Dataset excerpts:
• • • • • • •

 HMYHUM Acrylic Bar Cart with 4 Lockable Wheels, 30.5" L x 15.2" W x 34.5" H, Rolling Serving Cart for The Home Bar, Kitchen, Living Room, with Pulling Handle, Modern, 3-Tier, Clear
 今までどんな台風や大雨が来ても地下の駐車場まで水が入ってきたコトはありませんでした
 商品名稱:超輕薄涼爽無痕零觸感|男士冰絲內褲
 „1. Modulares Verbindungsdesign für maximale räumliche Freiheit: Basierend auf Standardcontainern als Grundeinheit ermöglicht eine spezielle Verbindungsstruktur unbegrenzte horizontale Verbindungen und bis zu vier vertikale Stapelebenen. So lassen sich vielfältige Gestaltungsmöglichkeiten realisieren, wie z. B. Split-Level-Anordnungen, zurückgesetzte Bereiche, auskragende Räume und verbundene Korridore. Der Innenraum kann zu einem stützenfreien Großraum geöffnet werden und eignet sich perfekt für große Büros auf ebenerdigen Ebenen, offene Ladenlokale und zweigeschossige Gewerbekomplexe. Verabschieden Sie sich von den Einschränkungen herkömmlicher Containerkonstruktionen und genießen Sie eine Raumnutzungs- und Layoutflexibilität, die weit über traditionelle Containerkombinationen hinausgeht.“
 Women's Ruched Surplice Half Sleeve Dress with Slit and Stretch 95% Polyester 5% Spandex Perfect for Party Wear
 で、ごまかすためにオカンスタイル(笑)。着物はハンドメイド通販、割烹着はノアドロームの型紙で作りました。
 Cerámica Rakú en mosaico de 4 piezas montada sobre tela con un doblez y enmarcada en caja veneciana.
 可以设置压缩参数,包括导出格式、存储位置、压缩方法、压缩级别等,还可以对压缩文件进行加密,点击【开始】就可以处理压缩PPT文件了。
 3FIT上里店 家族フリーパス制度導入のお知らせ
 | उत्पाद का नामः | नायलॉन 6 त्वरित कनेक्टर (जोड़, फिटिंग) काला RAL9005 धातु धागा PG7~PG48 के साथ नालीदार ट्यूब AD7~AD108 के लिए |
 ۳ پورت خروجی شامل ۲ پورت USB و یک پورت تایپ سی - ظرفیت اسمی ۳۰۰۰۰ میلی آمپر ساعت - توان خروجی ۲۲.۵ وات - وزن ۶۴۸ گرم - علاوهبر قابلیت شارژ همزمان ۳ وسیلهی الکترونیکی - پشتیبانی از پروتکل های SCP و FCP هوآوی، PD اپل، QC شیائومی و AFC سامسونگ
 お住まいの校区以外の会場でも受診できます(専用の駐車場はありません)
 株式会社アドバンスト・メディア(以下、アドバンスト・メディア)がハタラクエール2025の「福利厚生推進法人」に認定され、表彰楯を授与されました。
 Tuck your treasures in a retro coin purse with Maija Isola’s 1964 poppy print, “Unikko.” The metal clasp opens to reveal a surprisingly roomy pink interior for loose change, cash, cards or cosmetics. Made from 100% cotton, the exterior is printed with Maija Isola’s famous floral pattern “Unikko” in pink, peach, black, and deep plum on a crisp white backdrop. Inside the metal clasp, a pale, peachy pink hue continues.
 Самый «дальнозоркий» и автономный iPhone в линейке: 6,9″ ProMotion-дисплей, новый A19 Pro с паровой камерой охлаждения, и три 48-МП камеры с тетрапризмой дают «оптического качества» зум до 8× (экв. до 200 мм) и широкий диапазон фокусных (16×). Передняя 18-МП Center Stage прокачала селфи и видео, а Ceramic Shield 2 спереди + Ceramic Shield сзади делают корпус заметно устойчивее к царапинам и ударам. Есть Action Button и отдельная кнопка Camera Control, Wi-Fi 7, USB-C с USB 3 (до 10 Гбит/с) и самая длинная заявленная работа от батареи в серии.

• • • • • • •

▸ **ASSIGNMENT**:
Write down again the exact lines running from the beginning of the data to the line containing "商品名稱:超輕薄涼爽無痕零觸感|男士冰絲內褲", with both ends included.

▸ **SOLUTION TO THIS TASK**:
 HMYHUM Acrylic Bar Cart with 4 Lockable Wheels, 30.5" L x 15.2" W x 34.5" H, Rolling Serving Cart for The Home Bar, Kitchen, Living Room, with Pulling Handle, Modern, 3-Tier, Clear
 今までどんな台風や大雨が来ても地下の駐車場まで水が入ってきたコトはありませんでした
 商品名稱:超輕薄涼爽無痕零觸感|男士冰絲內褲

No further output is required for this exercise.